Text by CLOT Magazine
To be able to express ourselves is a wondrous ability with which we humans have been bestowed. The faces we make, how we dress, dance, and make music all represent who we are as individuals and also capture a moment in time; our emotional states. Next month, this concept of “emotional states” will be explored by 40 different countries, cities, and territories as part of London’s 2018 instalments of the Design Biennale.
From the 4th to the 23rd of September, this exhibit of international proportions will display leading regional design talent at Somerset House in Covent Garden. The Biennale seeks to demonstrate how design influences our emotions and every aspect of our lives.

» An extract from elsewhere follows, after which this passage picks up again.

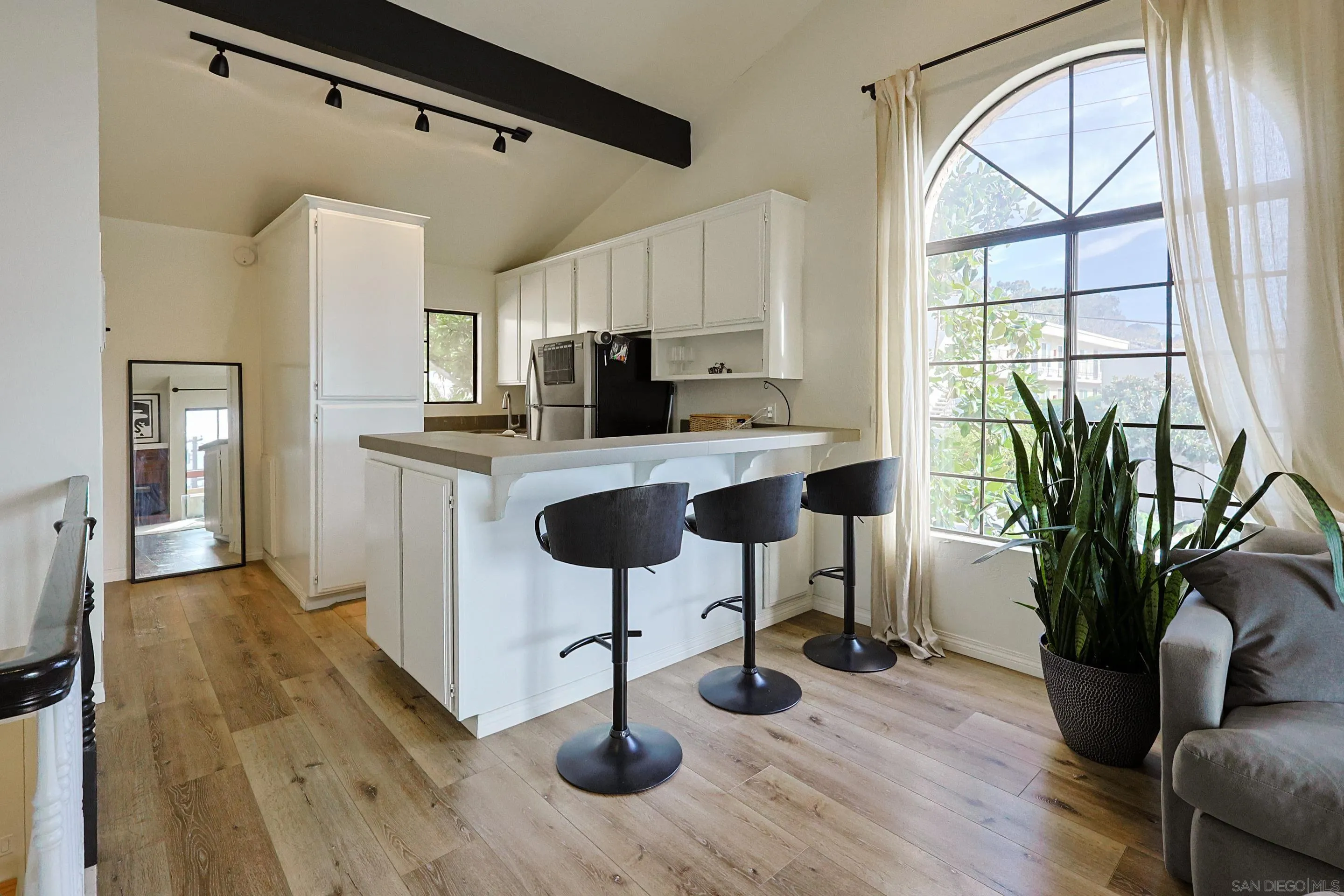 Well-maintained and thoughtfully designed two-story 1-bedroom, 1.5-bath residence located in the heart of Linda Vista, offering exceptional access to San Diego’s most desirable destinations. This centrally located home provides quick freeway access and is just minutes from the beach, Fashion Valley Mall, Downtown San Diego, and the airport, making it an ideal primary residence or investment opportunity. Upon entry, the home features a private bedroom and full bathroom on the main level, creating a quiet and functional retreat. The upper level opens to the main living area with an inviting living room, updated kitchen, and convenient half bath—perfect for everyday living and entertaining. The unit has been recently refreshed with new interior paint and durable LVP flooring, giving it a clean, move-in-ready feel. The attached garage is easily accessed via interior stairs, adding everyday convenience. Offered for the first time since the early 2000s, this property presents a rare opportunity to own a well-cared-for home in a highly central San Diego location with excellent long-term value.

Installations will cumulatively probe at seven distinct emotional states, anger, contempt, disgust, fear, happiness, sadness, and surprise, chosen due to their universality in the animal kingdom, as outlined in Charles Darwin’s book The Expression of the Emotions in Man and Animal. The works showcased will be interactive, prompting viewers to consider the ways in which design actively communicates with us.
This year’s Advisory Committee and Jury comprises several well-established experts and will award Medals to those design teams that provided the most significant contributions. Jury members include Paola Antonelli, Director of Research and Development at the Museum of Modern Art, New York, Dr Tristram Hunt, Director of London’s Victoria and Albert Museum, and Hadeel Ibrahim, Board Director of the Mo Ibrahim Foundation, based in London.
An installation worth checking out might be the Refugee’s Pavilion, which will present objects designed by displaced people. This crucial contribution to 2018’s London Design Biennale will investigate an incredibly sensitive and topical corner of the design, ever-important, seeing as how survival tools are designed can irrevocably alter how human migration develops.
Nicole L’huillier, recently featured in CLOT Magazine, is collaborating in the Greek pavilion. The kinetic installation called ΑΝΥΠΑΚΟΗ (Disobedience) will be the centrepiece project on display in the courtyard of Somerset House.